PROBLEM STATEMENT:
The needed output is the run of lines below from the one containing "Le BAdminton Club" through the one containing "郭帆导演一家三口与刘慈欣、制片人龚格尔亮相红毯", copied exactly and free of pictures.

TASK DATA:
○ ○ ○

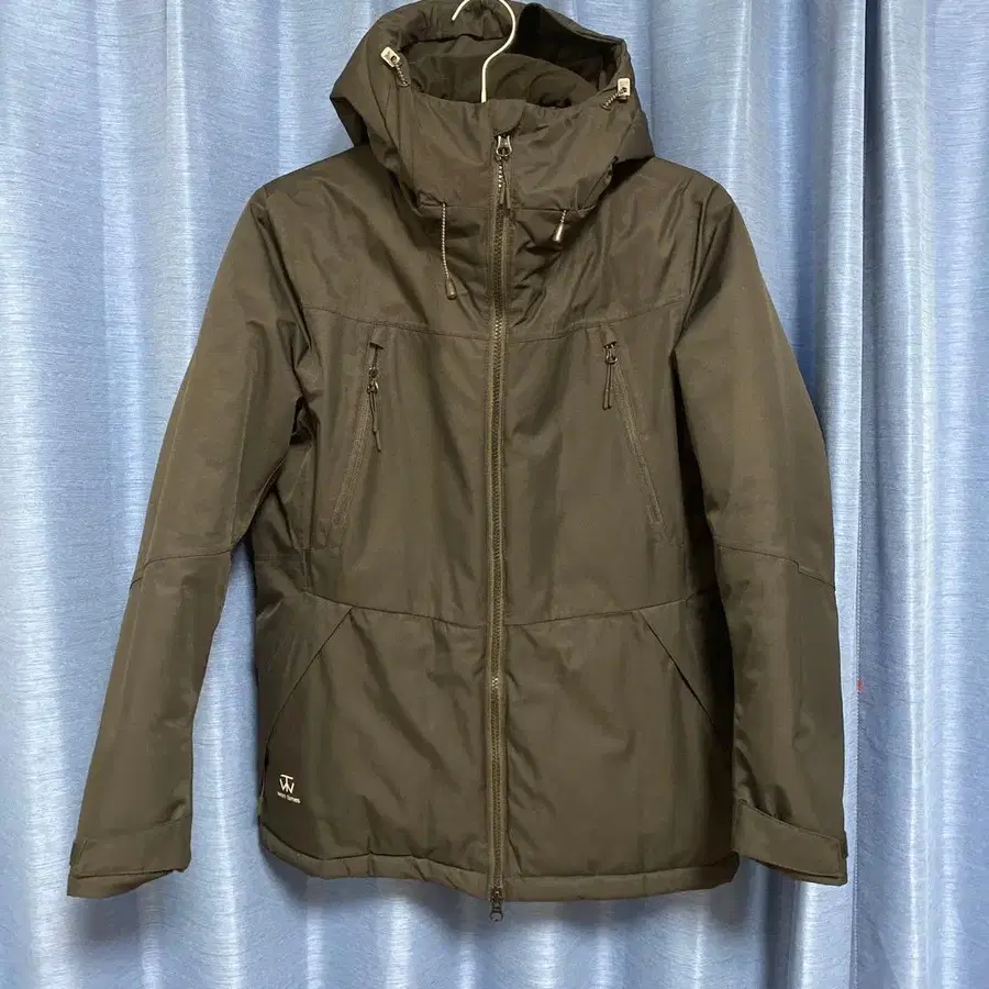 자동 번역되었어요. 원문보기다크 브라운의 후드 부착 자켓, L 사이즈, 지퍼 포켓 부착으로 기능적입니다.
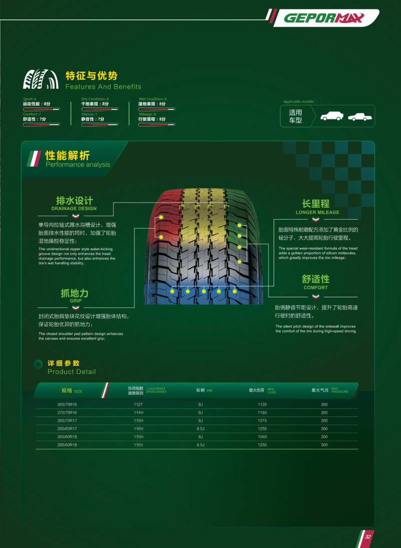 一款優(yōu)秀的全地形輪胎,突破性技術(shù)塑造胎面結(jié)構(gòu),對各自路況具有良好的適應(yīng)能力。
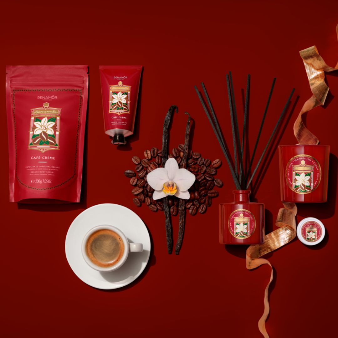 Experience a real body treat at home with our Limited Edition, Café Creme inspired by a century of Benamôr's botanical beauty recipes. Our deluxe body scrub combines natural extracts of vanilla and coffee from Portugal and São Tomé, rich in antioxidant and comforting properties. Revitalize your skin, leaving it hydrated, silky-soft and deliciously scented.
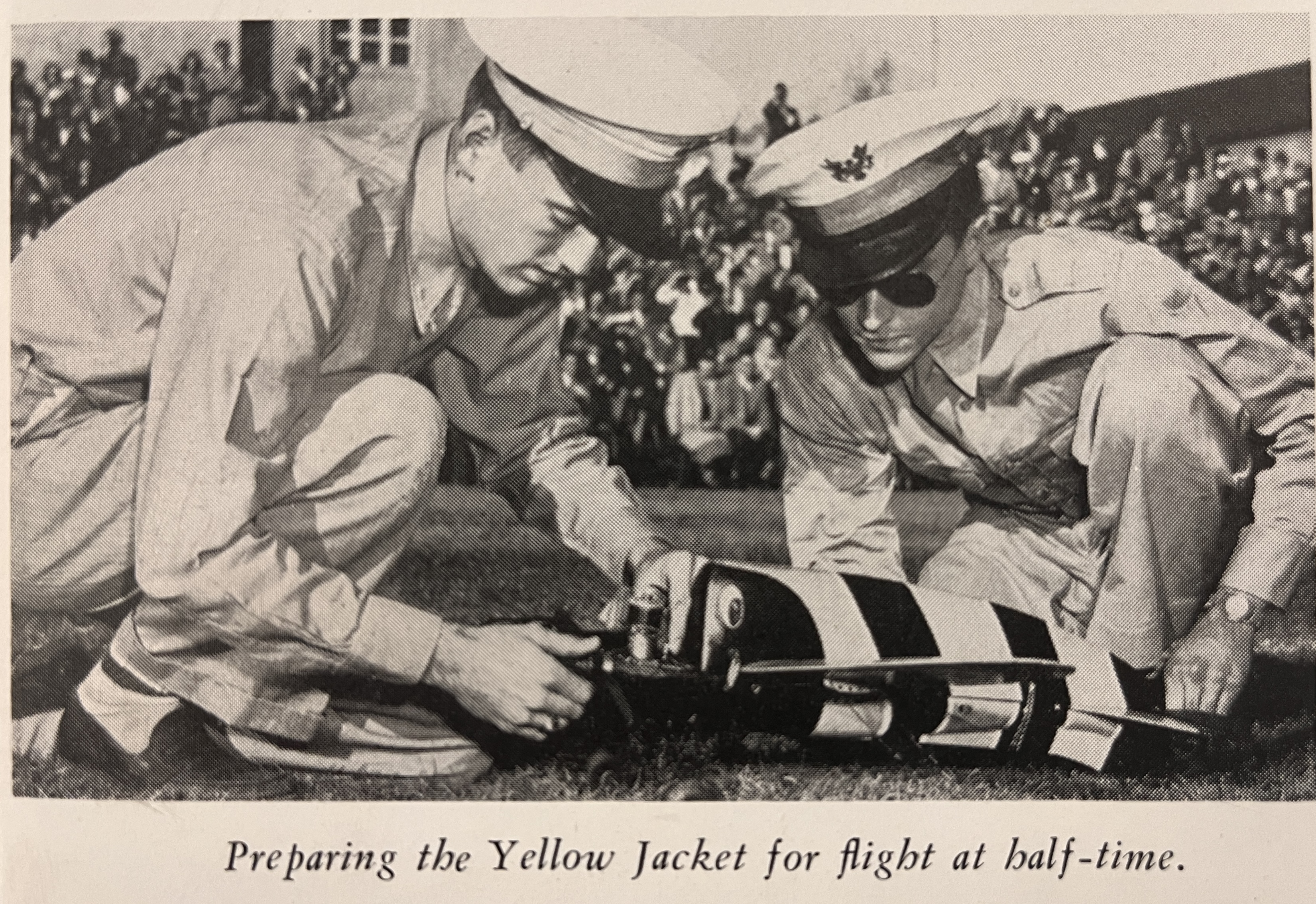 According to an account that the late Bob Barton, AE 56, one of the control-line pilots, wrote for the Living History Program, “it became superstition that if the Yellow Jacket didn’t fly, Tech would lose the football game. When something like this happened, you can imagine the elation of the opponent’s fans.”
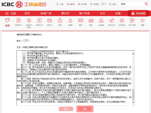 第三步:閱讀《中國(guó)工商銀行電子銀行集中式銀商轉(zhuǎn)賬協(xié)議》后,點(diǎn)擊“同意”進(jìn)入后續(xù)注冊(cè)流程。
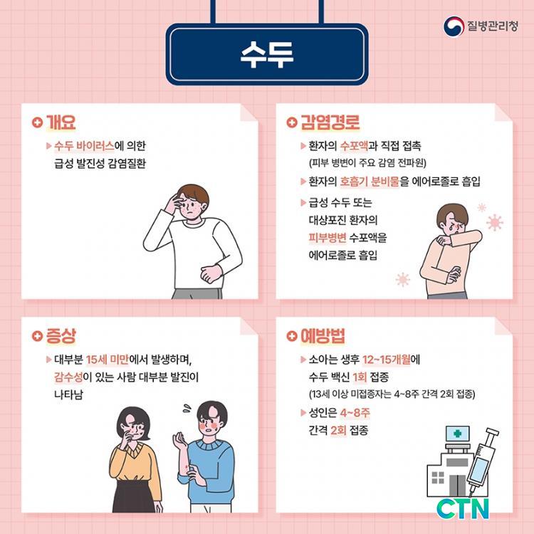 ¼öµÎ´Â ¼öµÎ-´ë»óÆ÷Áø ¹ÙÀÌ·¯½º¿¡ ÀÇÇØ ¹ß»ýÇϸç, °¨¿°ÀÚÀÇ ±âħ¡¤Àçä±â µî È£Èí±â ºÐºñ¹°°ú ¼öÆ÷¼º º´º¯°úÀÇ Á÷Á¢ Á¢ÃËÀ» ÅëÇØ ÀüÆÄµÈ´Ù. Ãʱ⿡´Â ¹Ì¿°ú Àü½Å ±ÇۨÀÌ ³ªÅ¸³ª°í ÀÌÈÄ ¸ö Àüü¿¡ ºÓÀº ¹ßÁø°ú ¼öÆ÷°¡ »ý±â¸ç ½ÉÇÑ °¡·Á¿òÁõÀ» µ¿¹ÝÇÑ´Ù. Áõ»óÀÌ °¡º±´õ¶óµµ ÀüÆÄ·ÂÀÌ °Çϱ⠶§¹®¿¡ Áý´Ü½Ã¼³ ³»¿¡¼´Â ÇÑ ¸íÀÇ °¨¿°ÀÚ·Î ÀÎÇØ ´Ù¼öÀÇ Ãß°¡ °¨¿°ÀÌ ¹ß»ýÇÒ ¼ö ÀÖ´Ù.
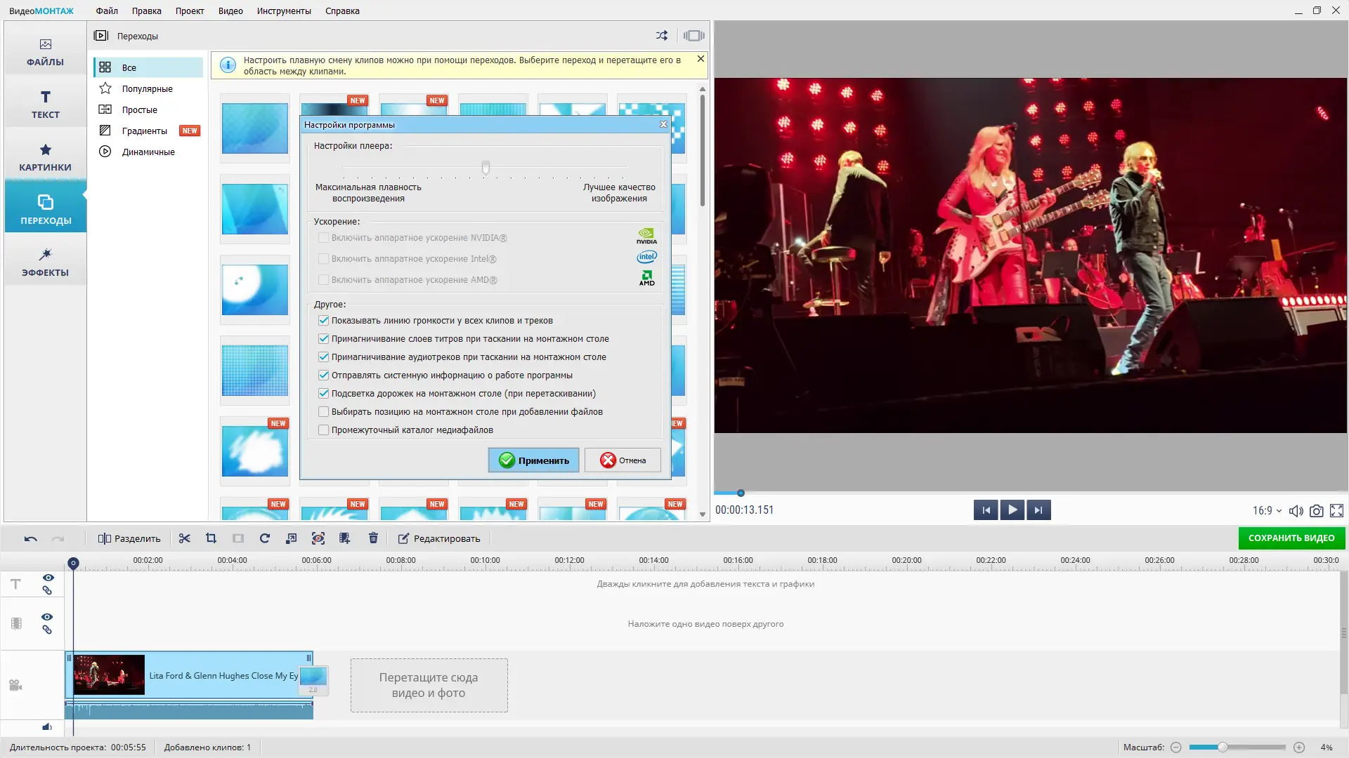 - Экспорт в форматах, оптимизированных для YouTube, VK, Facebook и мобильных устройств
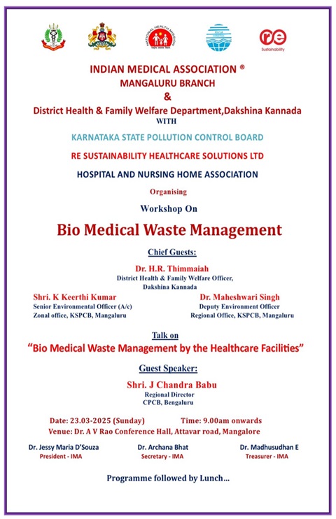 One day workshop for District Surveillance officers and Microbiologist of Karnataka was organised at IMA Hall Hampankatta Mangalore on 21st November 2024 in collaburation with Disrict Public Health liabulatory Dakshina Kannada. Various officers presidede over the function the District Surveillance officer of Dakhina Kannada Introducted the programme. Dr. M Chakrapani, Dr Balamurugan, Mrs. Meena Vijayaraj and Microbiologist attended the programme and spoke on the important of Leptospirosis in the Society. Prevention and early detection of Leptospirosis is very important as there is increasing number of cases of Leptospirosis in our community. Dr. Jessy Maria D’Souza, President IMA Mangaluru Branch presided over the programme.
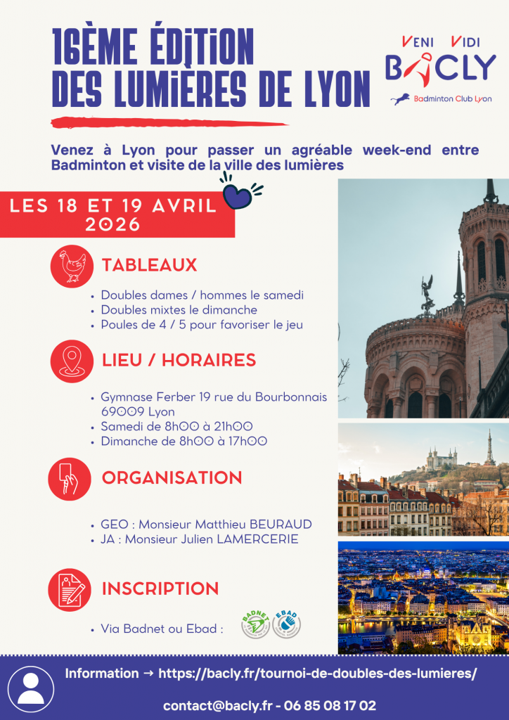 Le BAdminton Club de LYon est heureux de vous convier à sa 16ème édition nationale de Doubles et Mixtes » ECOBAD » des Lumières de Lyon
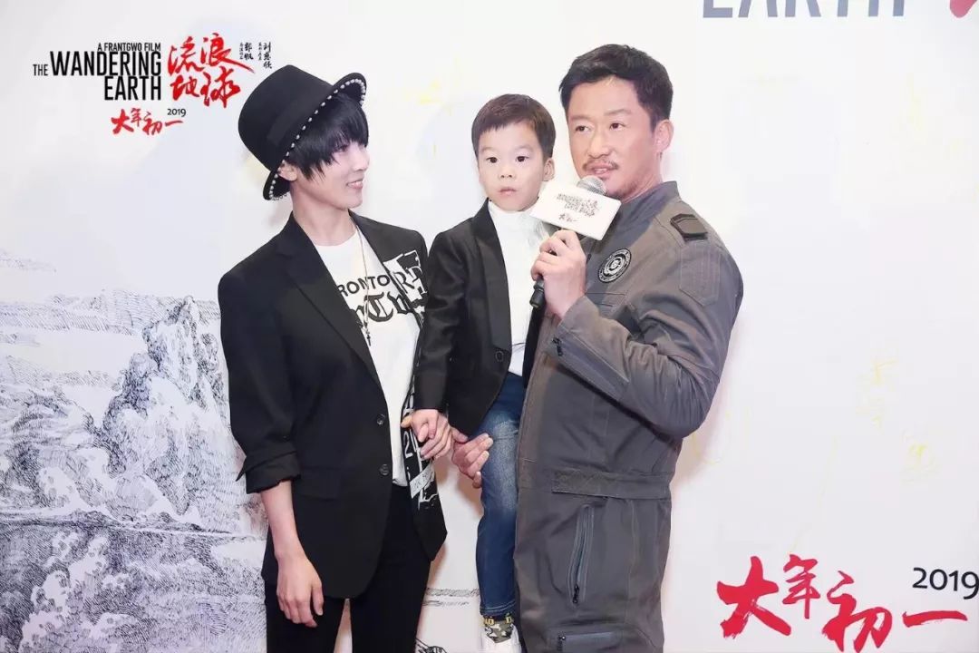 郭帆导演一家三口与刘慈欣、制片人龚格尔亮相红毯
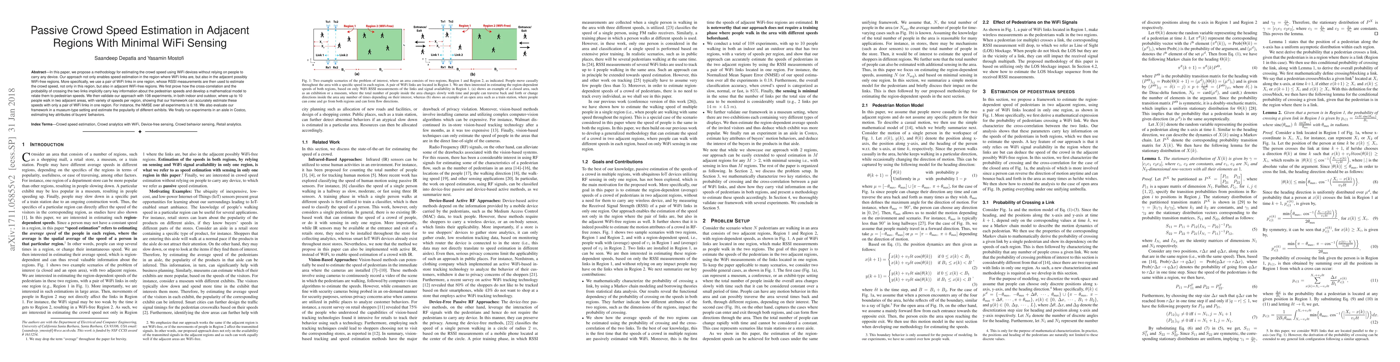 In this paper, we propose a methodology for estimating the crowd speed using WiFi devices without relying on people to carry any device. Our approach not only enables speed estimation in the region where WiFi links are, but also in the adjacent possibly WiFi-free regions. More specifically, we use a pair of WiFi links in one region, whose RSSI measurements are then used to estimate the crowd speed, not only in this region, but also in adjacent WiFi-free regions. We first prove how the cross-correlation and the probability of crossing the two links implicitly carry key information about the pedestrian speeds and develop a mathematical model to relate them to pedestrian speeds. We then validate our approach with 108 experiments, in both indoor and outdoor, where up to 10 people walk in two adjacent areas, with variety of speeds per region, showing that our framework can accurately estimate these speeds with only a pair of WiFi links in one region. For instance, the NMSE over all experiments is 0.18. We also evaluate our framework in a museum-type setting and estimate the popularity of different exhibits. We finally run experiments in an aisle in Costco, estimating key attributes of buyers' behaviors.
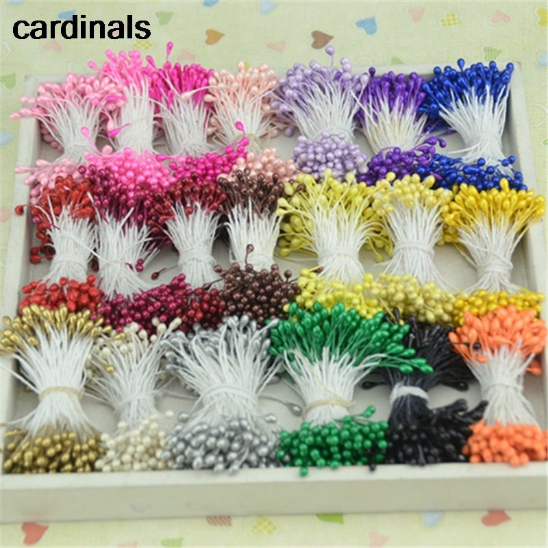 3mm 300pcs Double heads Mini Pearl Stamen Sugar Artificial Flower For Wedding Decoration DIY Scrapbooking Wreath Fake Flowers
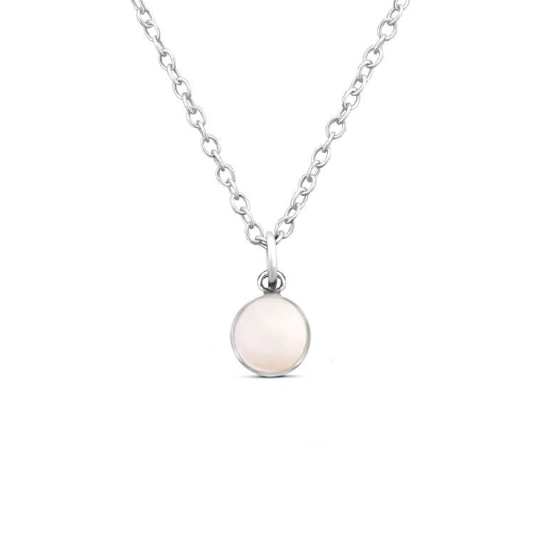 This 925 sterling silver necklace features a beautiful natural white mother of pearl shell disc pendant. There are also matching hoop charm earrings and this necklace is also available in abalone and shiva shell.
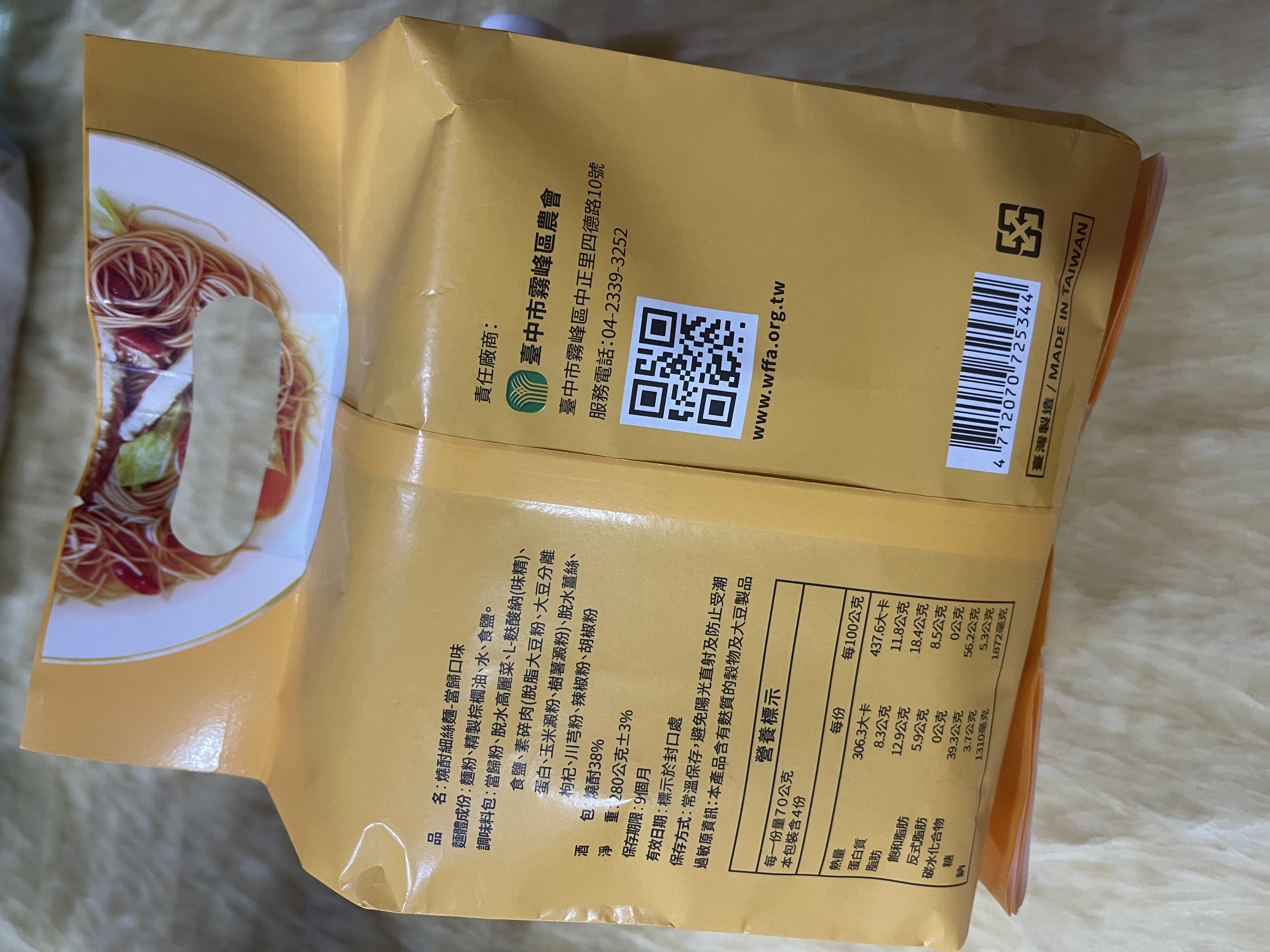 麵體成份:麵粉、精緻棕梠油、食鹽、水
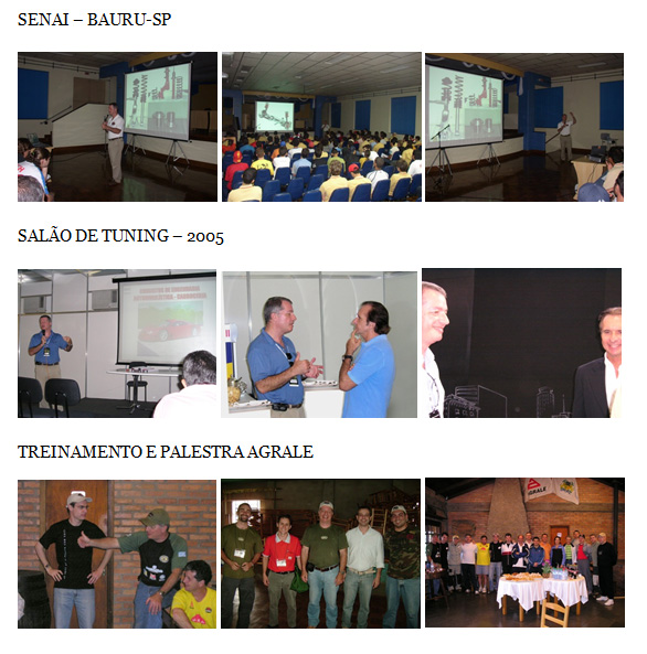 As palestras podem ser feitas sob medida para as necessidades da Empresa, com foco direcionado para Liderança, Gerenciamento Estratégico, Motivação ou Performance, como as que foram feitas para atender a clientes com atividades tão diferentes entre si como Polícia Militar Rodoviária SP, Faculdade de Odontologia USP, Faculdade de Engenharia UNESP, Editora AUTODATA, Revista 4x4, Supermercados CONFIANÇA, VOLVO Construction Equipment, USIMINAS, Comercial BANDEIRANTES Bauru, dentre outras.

○ ○ ○

SOLUTION TO THIS PROBLEM:
 Le BAdminton Club de LYon est heureux de vous convier à sa 16ème édition nationale de Doubles et Mixtes » ECOBAD » des Lumières de Lyon
 郭帆导演一家三口与刘慈欣、制片人龚格尔亮相红毯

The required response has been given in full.